Published 07/15/2014, 02:05 AM
Updated 07/09/2023, 06:31 AM

Even if the economy were growing at a faster pace, it wouldn't come close to offsetting the interest payments on our ever-expanding debt.

If you want to know why the Status Quo is unsustainable, just look at interest and debt. These are not difficult to understand: debt is a loan that must be paid back or discharged/written off and the loss absorbed by the lender. Interest is paid on the debt to compensate the owner of the money for the risk of loaning it to a borrower.

It's easy to see what's happening with debt and the real economy (as measured by GDP, gross domestic product): debt is skyrocketing while real growth is stagnant. Put another way--we have to create a ton of debt to get a pound of growth.

There is no other way to interpret this chart.

DEBT-GDP

The Status Quo has only survived this crushing expansion of debt by dropping interest rates to historic lows. This is a chart of the yield on the 10-year Treasury bond, which reflects the extraordinary decline in interest rates over the past two decades.

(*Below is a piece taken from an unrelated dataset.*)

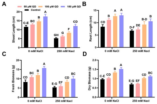Figure 2. Influence of quercetin dihydrate on vegetative growth parameters of Chinese flowering cabbage under salinity stress. (A) Change in shoot length; (B) Change in root length; (C) Change in fresh biomass; (D) Change in dry biomass; QD = Quercetin dihydrate. Dissimilar letters denote significant differences among the treatments (p ≤ 0.05). Capital letters on the bars show level of significance according to ANOVA and DNMRT at p ≤ 0.05.

The Federal Reserve has pegged rates at essentially 0% for years. That means the strategy of lowering interest rates to enable more debt has run out of oxygen: rates can't drop any lower, and so they can either stay at current levels or rise.


10-Yr Bonds

Near-zero interest rates for banks borrowing from the Fed doesn't mean conventional borrowers get near-zero rates: auto loans are around 4%, credit cards are still typically 16% to 25%, garden-variety student loans are around 8% and conventional mortgages are about 4.25% to 4.5% for 30-year fixed-rate home loans.

This decline in interest rates means households can borrow more money while paying the same amount in interest.

So the interest payment on a $30,000 car today is actually less than the payment on a $15,000 auto loan back in 2000.

Auto Loans

The monthly payment on a $400,000 home mortgage is roughly the same as the payment at much higher rates on a $200,000 home loan 15 years ago.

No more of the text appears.